All recomendations are welcome.

  • 1
    Simon Williams' “Killer D4” series may be helpful: gingergm.com/shop/killer-d4 He has designed an attacking d4 repertoire built around establishing a big pawn centre (c4, e4), forcing moves, and gambits.
    – Nick
    Nov 1, 2016 at 11:20
  • What is your skill level?
    – David
    Sep 12, 2019 at 8:02
  • The Blackmar-Diemer Gambit is aggressive but emphatically not used on a higher GM level of play. Sep 12, 2019 at 15:03

2 Answers 2


This is a partial recommendation, as your repertoire depends on what Black does.

I would recommend offering the Queen's Gambit, and if it is accepted to play e4:

[FEN ""]

1. d4 d5 2. c4 dxc4 3. e4

This becomes a true gambit. For more information, I would recommend:

  1. Starting Out: Queen's Gambit Accepted by Reatsky and Chetverik
  2. What are the main ideas for White in the Queen's Gambit Accepted, 3.e4 variation?

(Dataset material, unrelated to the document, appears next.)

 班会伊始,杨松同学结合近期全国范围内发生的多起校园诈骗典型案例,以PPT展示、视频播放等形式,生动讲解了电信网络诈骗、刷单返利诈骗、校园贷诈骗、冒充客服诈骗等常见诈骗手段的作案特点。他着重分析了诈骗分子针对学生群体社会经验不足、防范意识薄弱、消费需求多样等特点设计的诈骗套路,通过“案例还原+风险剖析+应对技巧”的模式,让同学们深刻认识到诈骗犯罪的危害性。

I feel that the most ambitious, principled and aggressive 1.d4 repertoire is the one given by John Cox in his book "Starting Out: 1.d4!". Of course these are the most ambitious lines for white in chess so they have also got extreme amounts of published theory and as they lead to very sharp positions, not knowing the theory may lead to quick losses for white.

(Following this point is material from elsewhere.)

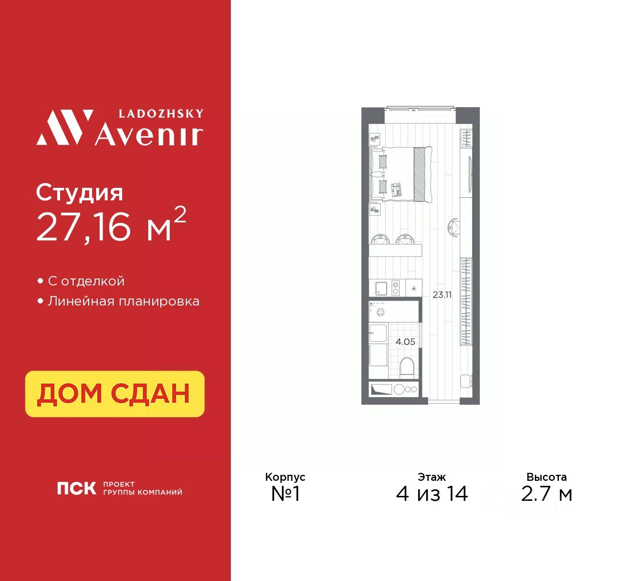 Просторные однокомнатные апартаменты-студия с отделкой в ЖК ''Ladozhsky AVENIR'' на 4 этаже. Общая площадь: 27.16 кв.м., площадь гостиной 23.11 кв.м., из которых 5 кв.м. выделено под кухонную зону. Все окна выходят на одну сторону. В апартаментах один совмещенный санузел. Высота потолков 2.7 м.

The main criticism of the book was that a collection of lines fit for top players may not be suitable for the audience of "Starting Out" books, but you don't ask for easy openings :-). Ironically even the world top has now moved away somewhat from these lines because the theory had been worked out so far, they go for slightly more restrained lines with g3 or so more of the time these days.

It is based on 1.d4 Nf6 2.c4 and 1.d4 d5 2.c4.

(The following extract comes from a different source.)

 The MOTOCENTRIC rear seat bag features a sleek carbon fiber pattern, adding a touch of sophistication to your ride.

The following list of the lines it offers is from Watson's review of the book (http://theweekinchess.com/john-watson-reviews/the-end-of-openings-part-1), as I don't have the book with me right now:

Cox's book suggests a complete repertoire for White beginning with 1 d4. Here are a few of the main systems that he recommends:

(a) versus the King's Indian: the main line 4 e4/5 Nf3/6 Be2/7 0-0 and 9 b4, the Bayonet Variation, , one of the most theoretical lines possible, with Black systems to cope with on every move that leads up to that move;

(b) versus the Grünfeld: the main line of the 7 Nf3/8 Rb1 system, that is, the one that Edward Dearing recently wrote a densely-packed 205-page book about;

(c) versus the Nimzo-Indian: 4 Qc2 and pretty much every main-line line that follows this most investigated of modern lines;

(d) versus the Benoni: the Modern Main Line with h3 and Bd3, again the most-analysed current variation;

(e) versus the Benko Gambit: g3 and Bg2 with the contemporary main variation 10 Rb1;

(f) versus the Queen's Gambit Declined: the main line Exchange Variation with the sharp Nge2;

(g) versus the Tarrasch Defence, the main line: 6 g3/9 Bg5, also ridden with traps and tricks to remember;

(h) versus the Slav Defence: the main line with 6 Ne5, the most theoretical and complicated Slav line ;

(i) versus the Semi-Slav: the main line Botvinnik Attack, one of the most-analysed variations in all of chess history.